Nonostante i risultati degli studi non mettano in discussione il potenziale di efficacia di aflibercept, risulta ad oggi poco chiaro il placement del prodotto: eseguire subito terapia nei pazienti naive come protocollo da studio di registrazione, oppure riservare tale terapia a coloro che non sono responder, per evitare di avere già sfruttato l’arma terapeutica di apparente maggiore efficacia?

Si potrebbe applicare, poi, il principio che vige nei farmaci biologici anti-TNF-alpha sullo switch tra un farmaco della medesima categoria come alternativa nei casi non-responder? Semplificando il concetto, sarebbe ranibizumab capace di essere parimenti efficace in caso di non-responder ad aflibercept? Per ora, non vi sono studi che provino tali ipotesi, ma questo argomento sarà sicuramente oggetto di acceso dibattito scientifico.

Terapia sequenziale multifarmaco

La AMD è una patologia cronica e degenerativa, cosa potrebbe accadere a lungo termine nella struttura retinica, sotto l’azione di una molecola pan-VEGF inibitrice? Proprio questo legittimo interrogativo costituisce la chiave di rilettura di quanto riportato dalla letteratura medica al momento. Se è vero che gli inibitori pan-VEGF hanno una provata, indubbia efficacia nel controllo della malattia, tuttavia non sono ancora chiari gli effetti a lungo termine del loro trattamento, con il rischio di complicanze loco-regionali a carattere funzionale, quali l’atrofia geografica, che renderebbero vano lo sforzo di controllare la patologia di base. Converrebbe avere una neovascolarizzazione blandamente attiva oppure una neovascolarizzazione ben controllata e spenta nella sua attività ma con un residuo funzionale povero a seguito delle conseguenze della terapia? Viene alla luce, quindi, la necessità di trovare nuove strategie terapeutiche combinate, non solo rivolte alla soluzione del controllo della patologia hic et nunc, ma anche a lungo termine.

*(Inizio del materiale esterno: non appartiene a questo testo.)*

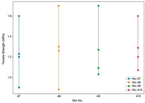 Tensile strength tests (Table 6 and Figure 7) revealed more variability but overall showed similar trends to compressive and flexural strength results. Mix A9 and A10 showed tensile strengths up to 1.7 MPa, while the control (A7) exhibited lower tensile capacity (~1.2 MPa). The increased tensile strength upon oxide addition suggests improved bonding and cohesion within the mortar matrix, which is critical to resisting tensile stresses and mitigating crack propagation. Figure 5 presents the relative tensile strength comparisons. These results further support the strategic use of additives to enhance multiple mechanical parameters in gypsum–lime mortars.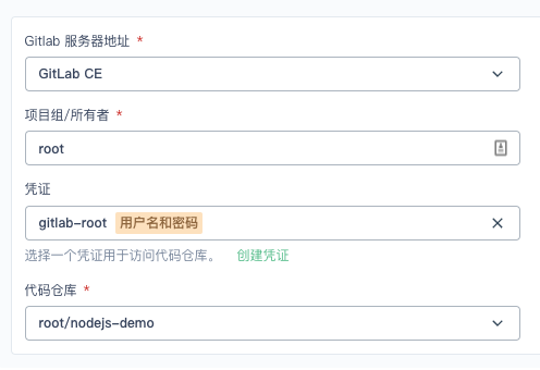 通过「确定」按钮保存凭证后回到「选择代码面板」,在「凭证」下拉框中选择刚刚创建的gitlab-root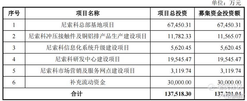 尼索科此次计划募资13.73亿元,主要用于投资总部基地项目、冲压接触件及铜铝排产品生产建设项目、研发中心建设项目、补充流动资金等。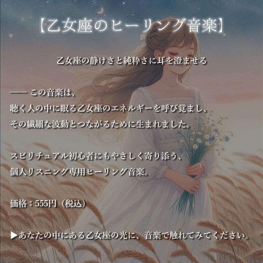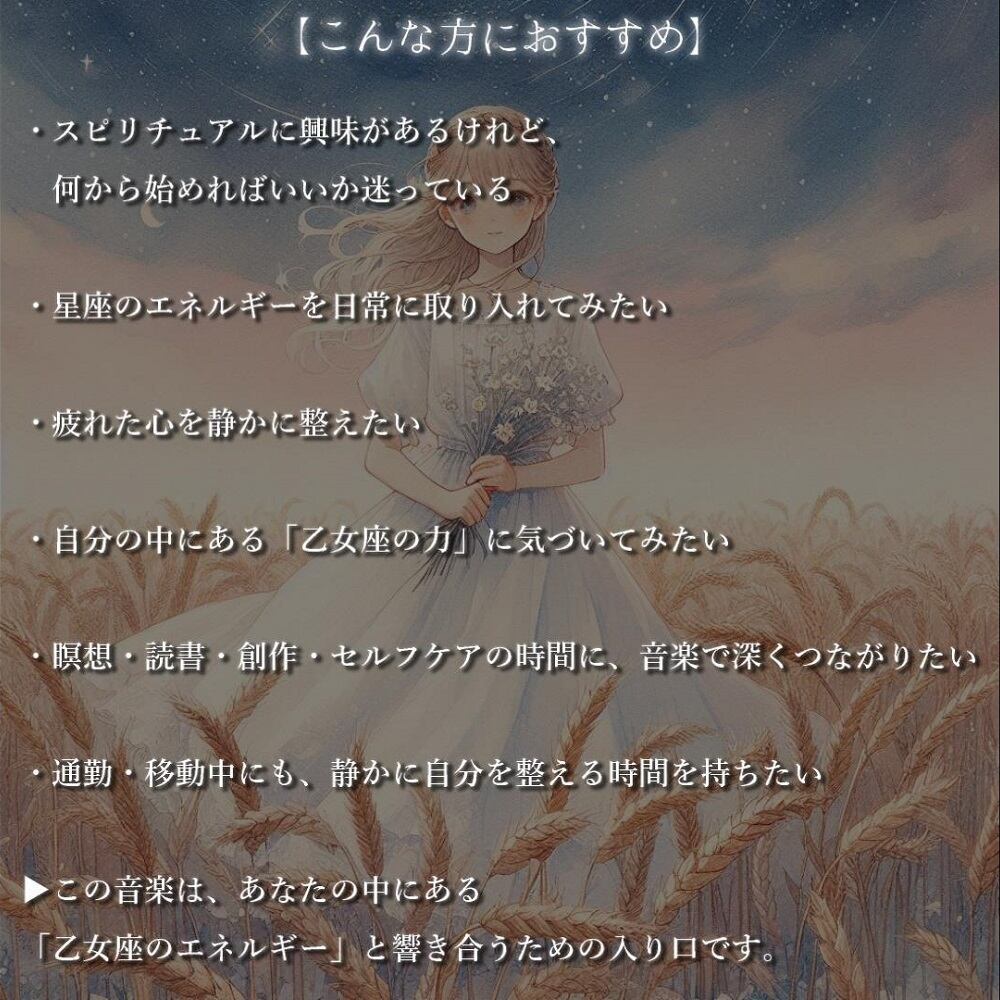 この楽曲は、乙女座が象徴する「浄化」「献身」「知性」「整える力」を、音の響きで丁寧に描いた完全オリジナルのヒーリングミュージックです。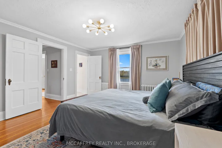 +"PublicRemarks": "Step into timeless elegance with this stunning 2-storey brick home, boasting 126 feet of serene waterfront on the Napanee River. From the moment you enter the welcoming foyer, you're greeted by a sweeping wood staircase, original hand-textured plaster walls, and soaring ceilings that set the tone for the character and charm throughout. To the right, a sunlit living room with a wood-burning fireplace invites cozy evenings, while a stone-framed den with wall-to-wall windows creates the perfect office or reading retreat. On the left, the spacious dining room flows into a gourmet kitchen with an island and walkout to the back deck ideal for entertaining. A convenient side entrance connects to the attached brick garage, insulated and upgraded in 2025. Upstairs, the primary suite offers a peaceful haven with a walk-in closet and a spa-inspired 5-piece bathroom featuring a soaker tub and shower with stunning river views. An additional bedroom and a versatile third bedroom or office provide flexible living, with the option to expand further. And a sleek new 3-piece bathroom completing the upper level was added in 2025. Rare for its era, the fully finished lower level includes a family room, home gym, spacious laundry room, and abundant storage, including the original pantry cellar. Outside, 2025 brought thoughtful updates with fresh exterior upgrades and professional grading to enhance both curb appeal and peace of mind. A large deck with screened-in gazebo invites gatherings, while mornings begin with breathtaking sunrises over the water. Dock your boat or cast a line from your private dock, or simply enjoy the river breeze in your backyard retreat. Set on municipal services and just minutes to downtown Napanee, VIA Rail, and Highway 401, this home blends heritage character with modern upgrades and an extraordinary riverfront lifestyle waiting to be yours."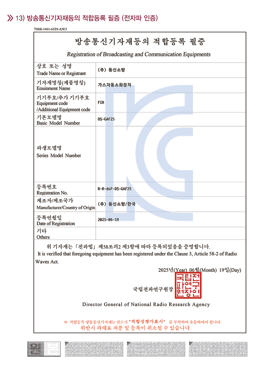 본 제품은 기술기준 개정에 따른 변경사항 적용(개정 2024.07.25)

Questo è quindi un punto di dibattito che rivaluterebbe in modo considerevole il ruolo giocabile da parte di pegaptanib, molecola che certamente tra i punti di forza non vanta un’azione VEGF inibitrice potente, ma che in realtà potrebbe essere utilizzata come farmaco di mantenimento prono alla manifesta minimizzazione dei rischi biologico-funzionali espressi dagli inibitori pan-VEGF.

Infatti, pegaptanib proprio per il suo targeting altamente specifico per il VEGF165, l’elemento da tempo identificato come il principale attore nella fisiopatologia della neovascolarizzazione, non implica blocco dei survival factor come il VEGF120, che sono essenziali per la normale fisiologia del tessuto retinico.

Se poi fossero confermati dati che vedono gli anti-VEGF ad azione non selettiva come potenziali promoter del rischio di eventi tromboembolici in popolazioni già suscettibili e se venisse riconosciuto che le iniezioni multiple possano portare ad un‘ipotrofia retinica o ancor peggio all’atrofia geografica – come emerso dagli studi CATT e IVAN [6,7] come potrebbero non essere considerate nella daily practice le caratteristiche di selettività di pegaptanib? Da aggiungere poi come ciò abbia potenziali risvolti medico legali: come potrebbe essere interpretata l’evidenza di un rischio potenzialmente evitabile con una strategia differente, a fronte di un metodo standardizzato che reca come unica indiscutibile qualità il fatto che sia figlio di studi di registrazione?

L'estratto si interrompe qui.